毕业设计(论文)外文翻译
学生姓名: 王存款 学 号: 1401160423
所在学院: 计算机科学与技术学院
专 业: 计算机科学与技术
设计(论文)题目: 体育成绩管理与分析系统
指导教师: 刘学军
2020年 2月10日
Architecture of Computer Operating System
In the information age, software is called the soul of computer system. As the core of software, the operating system is already inseparable and integrated with modern computer systems. The computer system can be roughly divided into four parts from bottom to top: hardware, operating system, application programs and users (the division here is different from the layering of computer composition principles). The operating system manages all kinds of computer hardware, provides the foundation for application programs, and acts as an intermediary between computer hardware and users. Hardware, such as central processing unit, memory, input/output devices, etc., provide basic computing resources.
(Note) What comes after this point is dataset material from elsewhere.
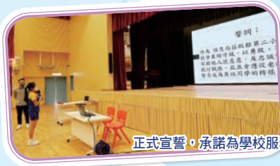
正式宣誓，承諾為學校服務做到最好。
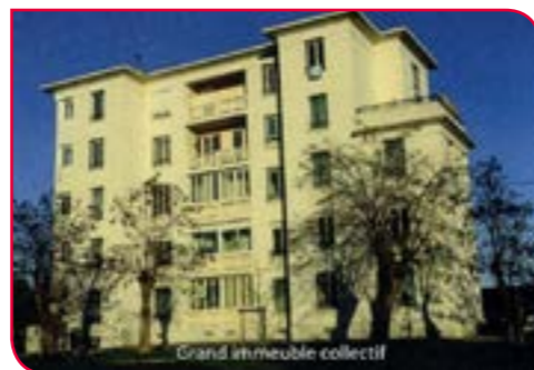
Grand immeuble collectif

Immeuble collectif de 4 étages, ils sont au nombre de 4, implantés de part et d'autre de l'entrée de l'usine, ils proposent alors tout le confort moderne de l'époque.

Applications, such as word processing programs, spreadsheet software, compilers, web browsers, etc., specify how these resources are used to solve users computing problems. The operating system controls and coordinates the distribution and use of hardware by each users application programs. During the operation of the computer system, the operating system provides a way to use these resources correctly. To sum up, the Operating System, OS) refers to a program set that controls and manages the hardware and software resources of the entire computer system, and reasonably organizes and schedules the computers work and resource allocation to provide convenient interfaces and environments for users and other software. Computer operating system is gradually formed and developed with the development of computer research and application. It is the most basic system software in computer system.The following describes the architecture of the operating system from different aspects.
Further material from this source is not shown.